* [DATA SEGMENT]
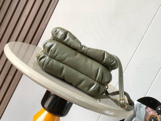 Mini shiny nappa leather puffer Goya handbag. Puffer Goya is inspired by Goya's aesthetic and key details. It brings a new sensory and tactile dimension through shiny nappa leather with goose feather lining. It comes with a detachable metal donut chain. *Shoulder carry, magnetic closure. "Two compartments include a zipper, a very special bag pocket and a patch pocket. Nappa leather lining is a very special bag. Puffer Goya is so fat, so fat and soft. Goya is so cute. It feels invincible and really beautiful! The cloud bag is chubby and soft. Fufu is super cute. It is as soft as a pillow and feels great. It comes with a short donut-shaped metal chain. It is not tiring to carry on the shoulder and the comfort index is perfect.
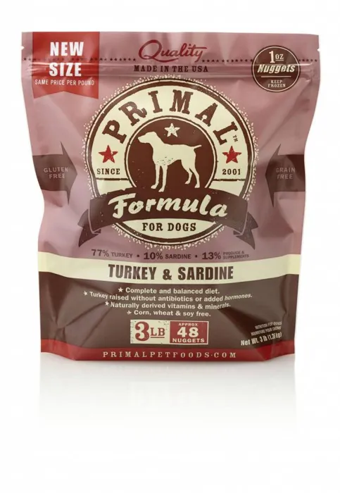 Primal Raw Frozen Canine Turkey & Sardine Formula Nuggets Dog Food 6-lb
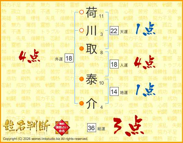荷川取泰介さんの人運は18画の4点!
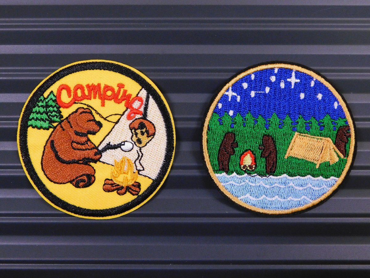 - ◆送料\110◆【キャンプ・熊】※《アイロン刺繍ワッペン/2点セット》 アメリカン雑貨 刺繍ワッペン アイロンワッペン

* [EXERCISE INSTRUCTIONS] Extract the run of lines beginning with the line that holds "荷川取泰介さんの人運は18画の4点!" and ending at the last line of the data, inclusive. Exclude any pictures from the copy.

* [ANSWER TO THE EXERCISE]
荷川取泰介さんの人運は18画の4点!
 - ◆送料\110◆【キャンプ・熊】※《アイロン刺繍ワッペン/2点セット》 アメリカン雑貨 刺繍ワッペン アイロンワッペン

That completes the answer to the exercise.